DESCRIPTION OF SYMBOLS 10 Combustor 12 Nozzle 14 Top cap 16 Casing 18 End cap 20 Liner 22 Combustion chamber 24 Flow sleeve 26 Flow hole 28 Annular passage 30 Manifold 32 Coolant supply source 34 Central fuselage 36 Shroud 38 Axial centerline 40 Annular passage 42 Wing 44 Plenum 46 Central fuselage opening 48 Wing port 50 Shroud passage 52 Louver 62 Nozzle 64 Central fuselage 66 Shroud 68 Wing 70 Axial centerline 72 Annular passage 74 Plenum 76 Central fuselage opening 78 Wing port 80 Shroud passage

Claims (12)

A nozzle (12),
a. A central fuselage (34);
b. A shroud (36) circumferentially surrounding at least a portion of the central fuselage (34) and defining an annular passage (40) between the central fuselage (34);
c. A plurality of openings (46) extending through the central body to the annular passage (40);
d. A plenum (44) extending within the central body (34) and in fluid communication with the plurality of openings (46);
e. A nozzle (12) comprising a cooling medium (32) in fluid communication with the plenum (44).   The nozzle (12) of claim 1, wherein the cooling medium (32) comprises at least one of steam, an inert gas, or a diluent.   The annular body further includes one or more wings (42) between the central body (34) and the shroud (36), the one or more wings (42) passing through the one or more wings (42). The nozzle (12) according to claim 1 or 2, wherein a plurality of ports (48) leading to (40) are defined.   The nozzle (12) of claim 3, wherein the plenum (44) is in fluid communication with a plurality of ports (48) of the one or more wings (42).   A nozzle according to any one of the preceding claims, wherein the shroud (36) defines a plurality of passages (50) extending through the shroud (36) to the annular passage (40). (12).   The nozzle (12) of claim 5, wherein the plenum (44) is in fluid communication with the plurality of passages (50) through the shroud (36).   The nozzle (12) of any preceding claim, further comprising a louver (52) coupled to the central body (34) and proximate to at least one of the plurality of openings (46). . A method of cooling the nozzle (12),
a.

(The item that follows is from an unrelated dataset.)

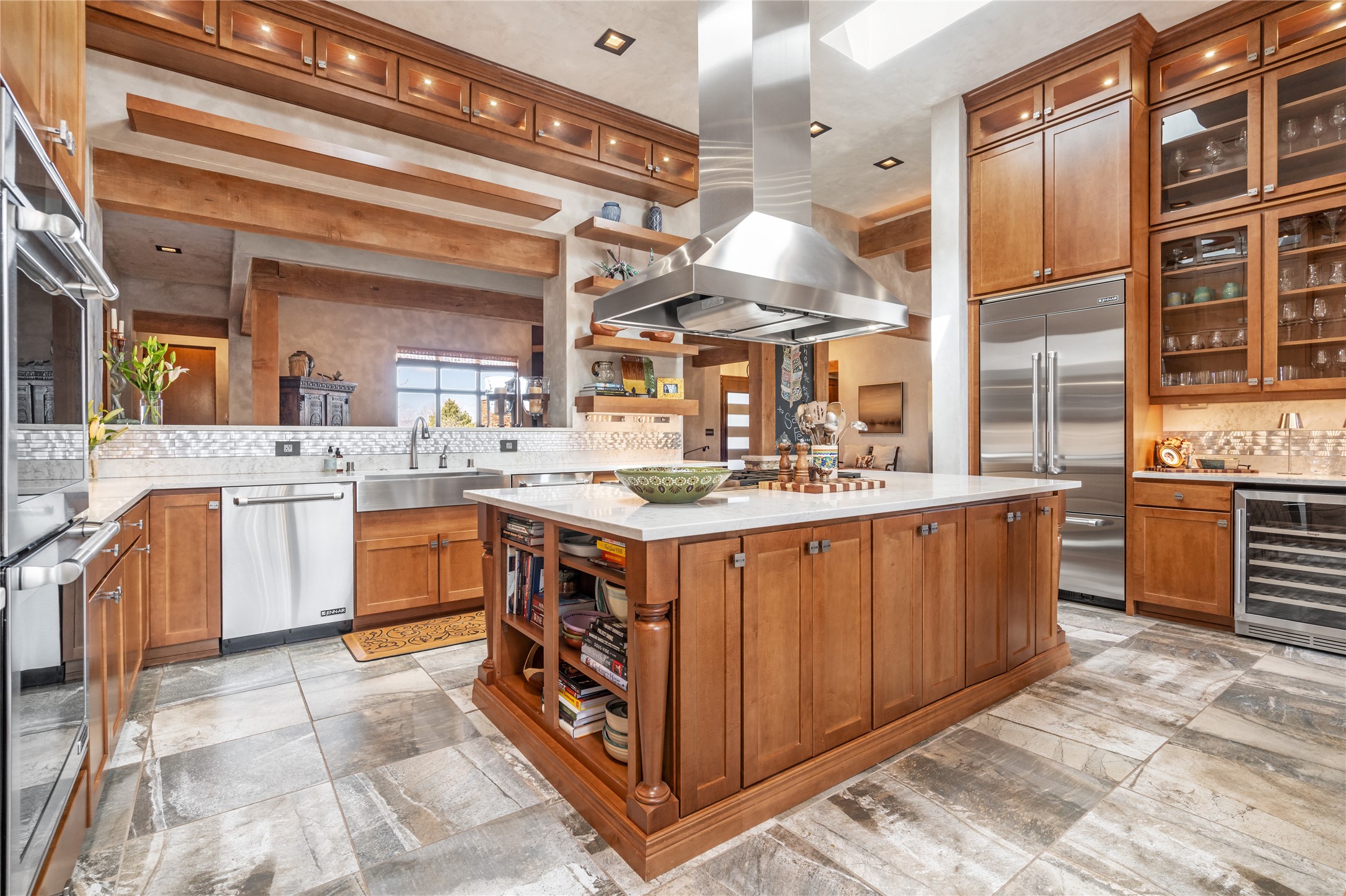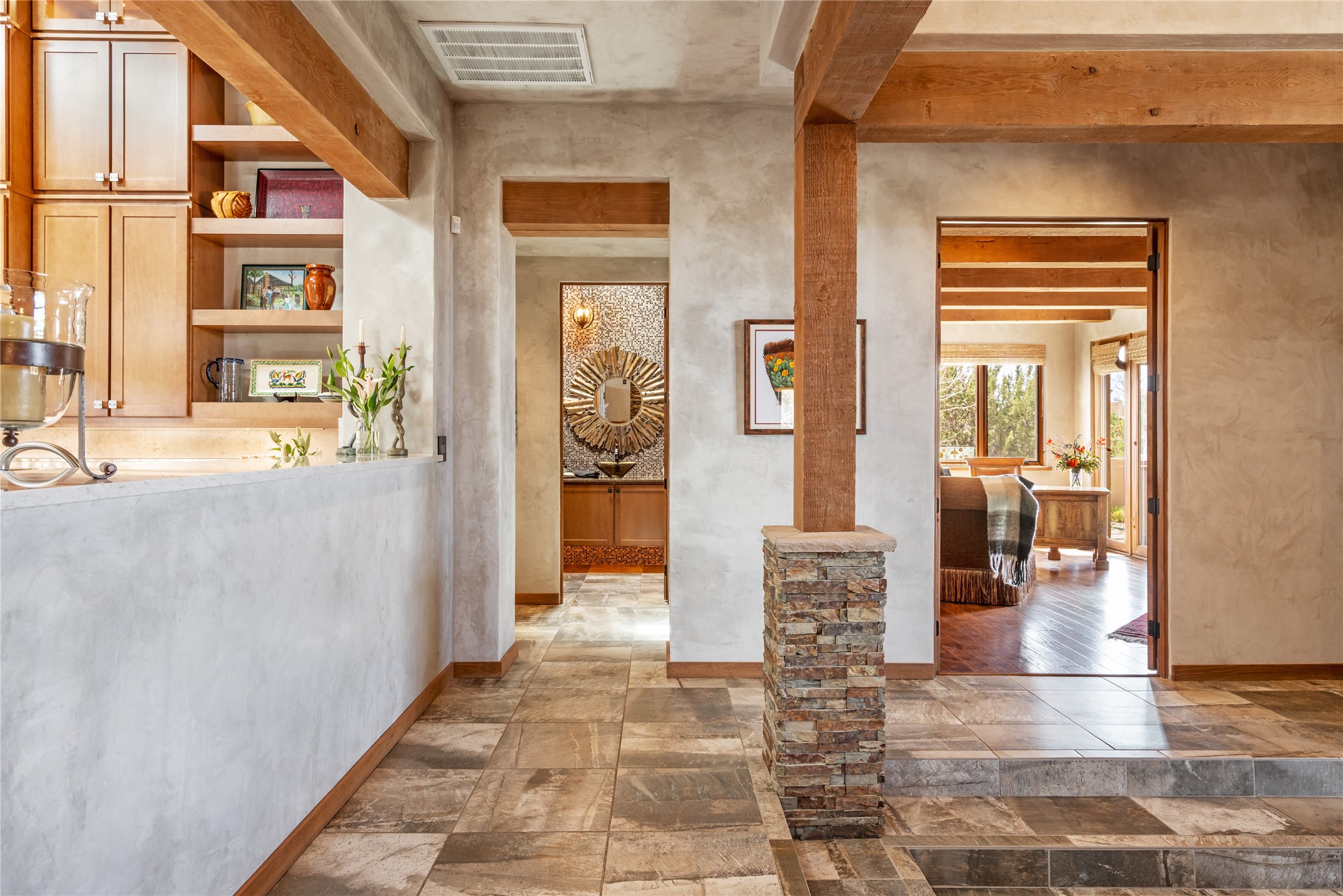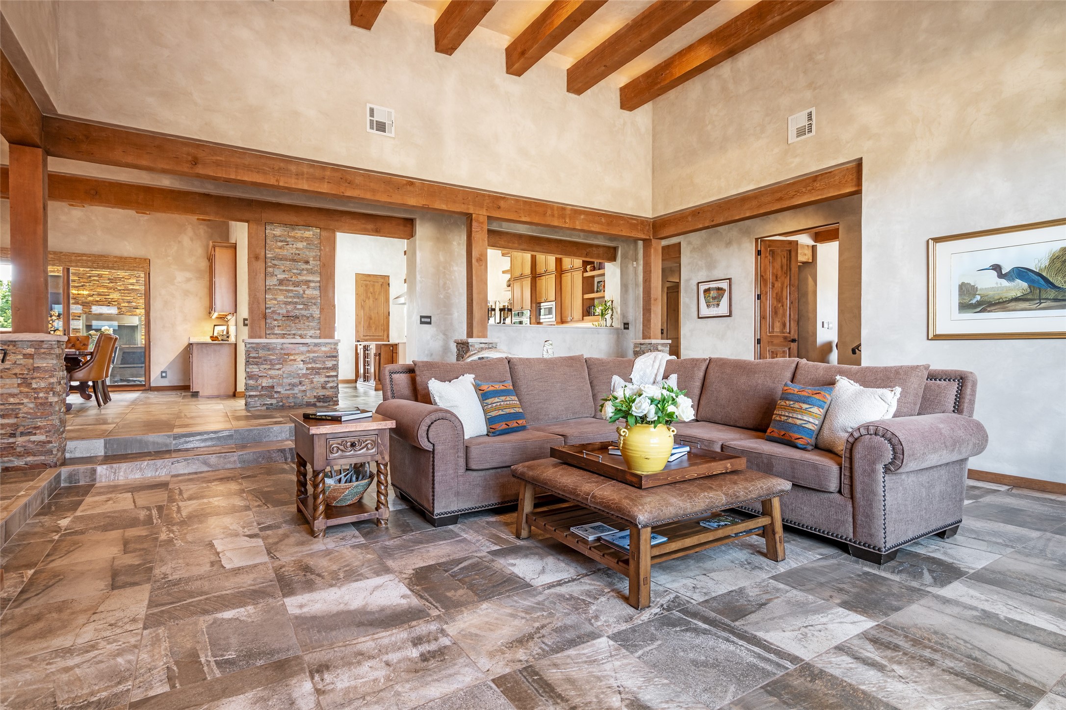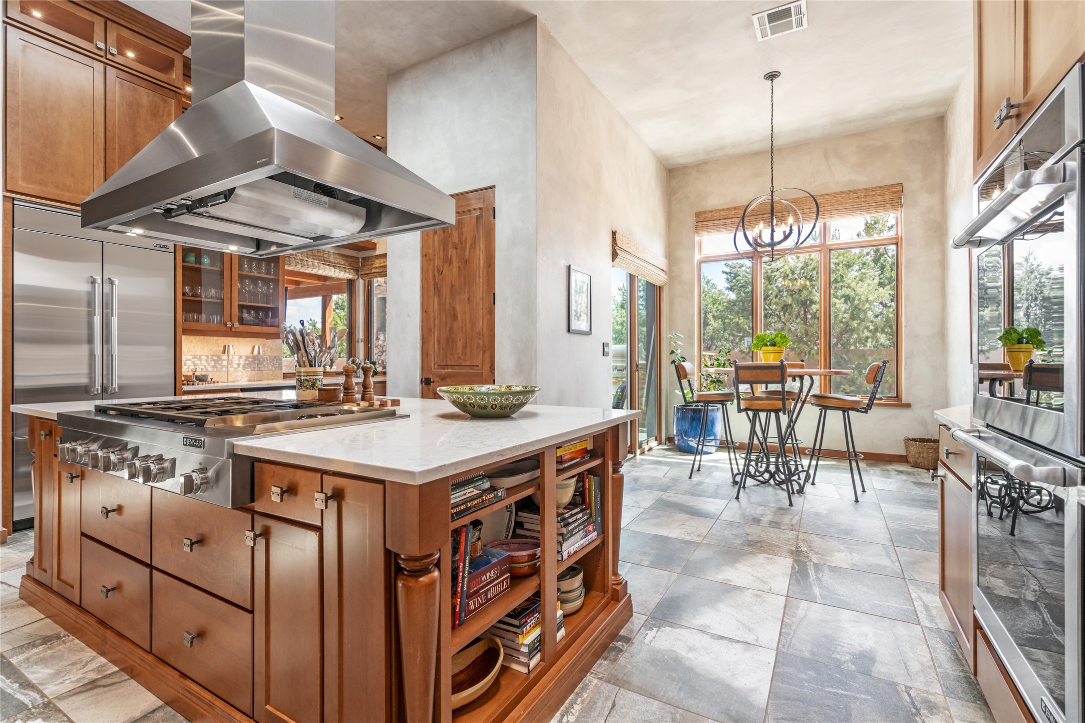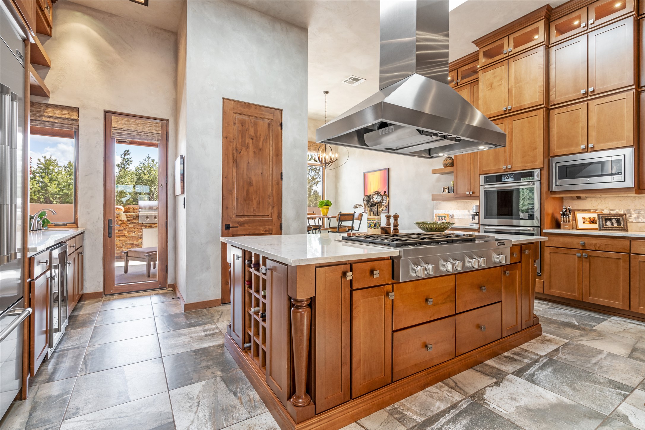 Embrace the beauty of contemporary Pueblo-style architecture in this exquisite 3-bedroom, 3.5-bath home, thoughtfully designed with sophisticated finishes throughout. Nestled on 1.8 acres, this stunning residence is perfectly positioned for privacy and tranquility, offering elegant indoor and outdoor living spaces with Jemez Mountain views.A private entry courtyard with a serene stone water feature sets the tone for the refined interiors. At the heart of the home, the grand chef's kitchen boasts top-tier appliances, custom cabinetry, and an inviting layout ideal for entertaining. The generous primary suite is a true retreat, featuring a cozy gas fireplace, two walk-in closets, office space, a spa-inspired bath, and private portal. The guest wing contains two spacious guest rooms, each with an ensuite bath, providing exceptional comfort and privacy. A large office/den with a separate entrance and its own portal offers the perfect space for work or creative pursuitsOutdoor living is just as inviting, with a spacious rear portal with a large fireplace, built-in gas grill, a second water feature, and plenty of space for dining al fresco while taking in the tranquil surroundings. A three-car direct-entry garage adds to the exceptional features of this property. This home seamlessly blends timeless Southwestern charm with modern sophistication -- an unparalleled sanctuary just waiting to be enjoyed.

Flowing the cooling medium (32) through the plenum (44) across the surface of the nozzle (12).   The method of claim 8, further comprising flowing the cooling medium (32) through a central body (34) of the nozzle (12).   The method according to claim 8 or 9, further comprising flowing the cooling medium (32) through a shroud (36) surrounding the nozzle (12).   The method of any one of claims 8 to 10, further comprising flowing the cooling medium (32) through a wing (42) extending between the shroud (36) and the central fuselage (34).   The method according to any one of claims 8 to 11, further comprising the step of effusion cooling the surface of the nozzle (12).